American Mineralogist, , In Press, (2023) [doi: 10.2138/am-2022-8731]
In-situ study of microstructures induced by the olivine to wadsleyite transformation at conditions of the 410 km depth discontinuity
E. Ledoux, M. Krug, J. Gay, J. Chantel, N. Hilairet, M. Bykov, E. Bykova, G. Aprilis, V. Svitlyk, G. Garbarino, N. Guignot, C. Sanchez-Valle, S. Speziale, and S. Merkel
The olivine-wadsleyite transformation is believed to occur at depths of about 410 km in the Earth, producing a major seismic discontinuity in this region of the Earth’s mantle. The mechanism of this phase transition controls the microstructures of the newly-nucleated wadsleyite, the major phase of the upper part of the mantle transition zone, and thus impacts seismic observations in the region.

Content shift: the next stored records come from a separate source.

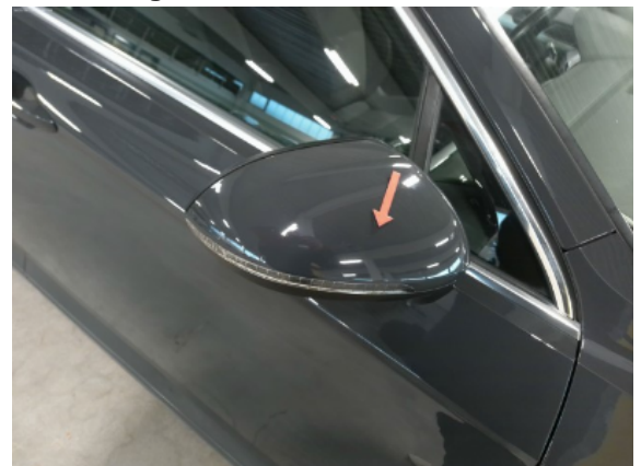
Abbildung 8: Siehe Pos.7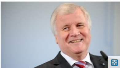
CSU-Vorsitzender, Ministerpräsident Horst Seehofer lädt alle ein, sich in der CSU, der Volkspartei Bayerns, zu engagieren.

Die Kraft zu notwendigen Veränderungen hat eine Partei umso eher, je stärker sie in ihrer Heimat verankert ist. Wir sind Bayerns Volkspartei. Die große Mitgliederzahl der CSU war und ist das Fundament unserer Politik. Sie schafft uns den nötigen Rückhalt in der Bevölkerung. Die CSU-Verbände mit ihrer breiten Verwurzelung an der Basis ermöglichen Politik aus einem Guss und auf allen politischen Ebenen: in den Gemeinden, Landkreisen und Bezirken ebenso wie in den Parlamenten in München, Berlin und Brüssel.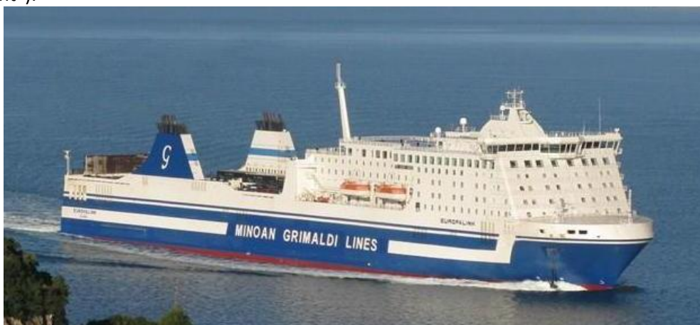
Το Ε/Γ-Ο/Γ EUROPALINK.

ακολουθήθηκε ακριβώς όπως είχε σχεδιασθεί, εξ' αιτίας της παρουσίας ενός Ιστιοφόρου σκάφους που έπλεε αριστερά πλώραθεν του EUROPALINK, που εμπόδιζε μερικώς την έγκαιρη στροφή του προς αριστερά, η οποία έλαβε χώρα μετά από το προκαθορισμένο Σημείο Ελέγχου Πορείας ("Waypoint").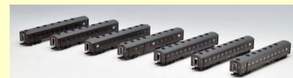
旧型客車(高崎車両センター) 好評発売中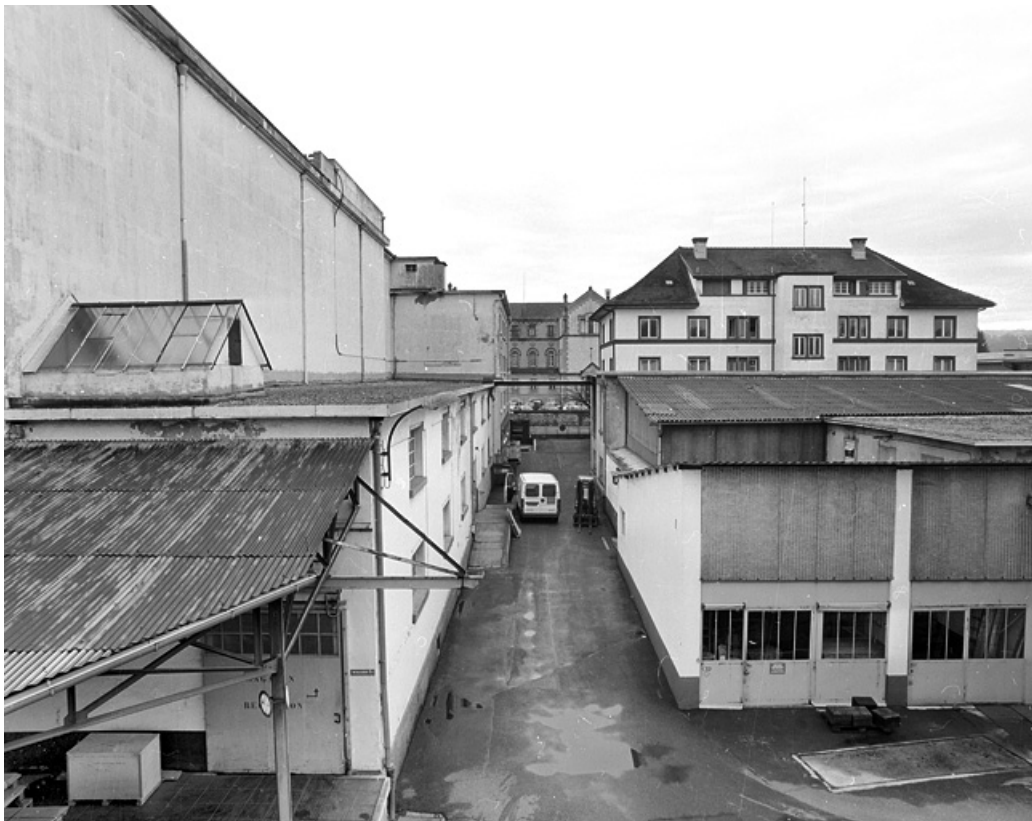
Atelier de fabrication (à droite), ancien couvent (au fond) et bureaux (à droite). 90, Delle, 27 faubourg de Belfort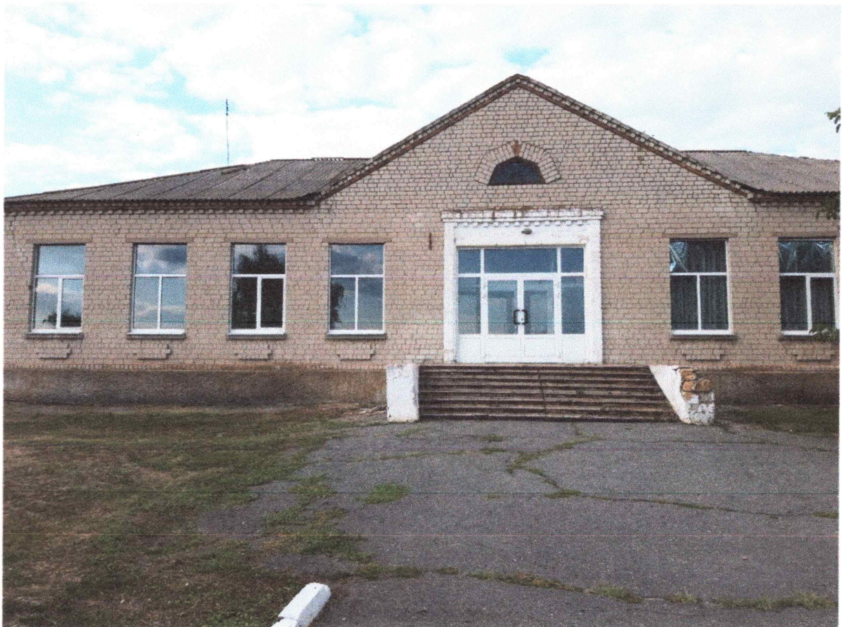
Проект «Друге життя» Андріївської початкової школи-відкриття «Фокус-хабу-центру дозвілля»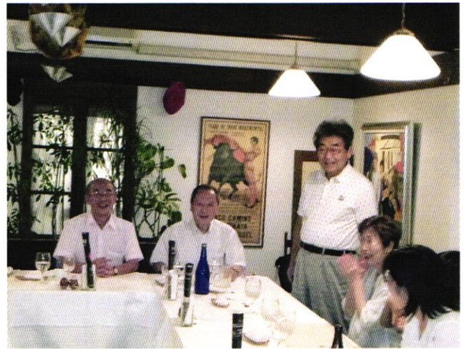
南木会員 メの挨拶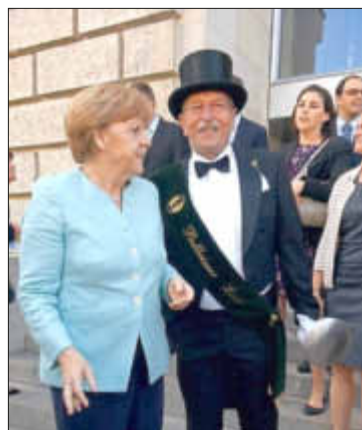
14. Bellheimer Lord, Gerhard Schlindwein, im Gespräch mit der Bundeskanzlerin

Here, we study the microstructures produced by the olivine-wadsleyite transformation using in-situ laboratory experiments at pressures and temperatures relevant for the mantle transition zone. We transform pure olivine samples in laser-heated diamond anvil cells at pressures ranging from 12.3 to 20.2 GPa and temperatures of 1400-1730 K. At different steps of the transformation we measure the orientation and size distribution of individual sample grains using multigrain crystallography at synchrotron radiation sources. We find that the olivine to wadsleyite transformation is incoherent at the conditions of the mantle transition zone, and is probably dominated by nucleation of wadsleyite at grain boundaries of the parent olivine. Thus, we expect that seismic anisotropy near 410 km would drop significantly due to the randomized lattice preferred orientation of newly-nucleated wadsleyite induced by the incoherent transformation.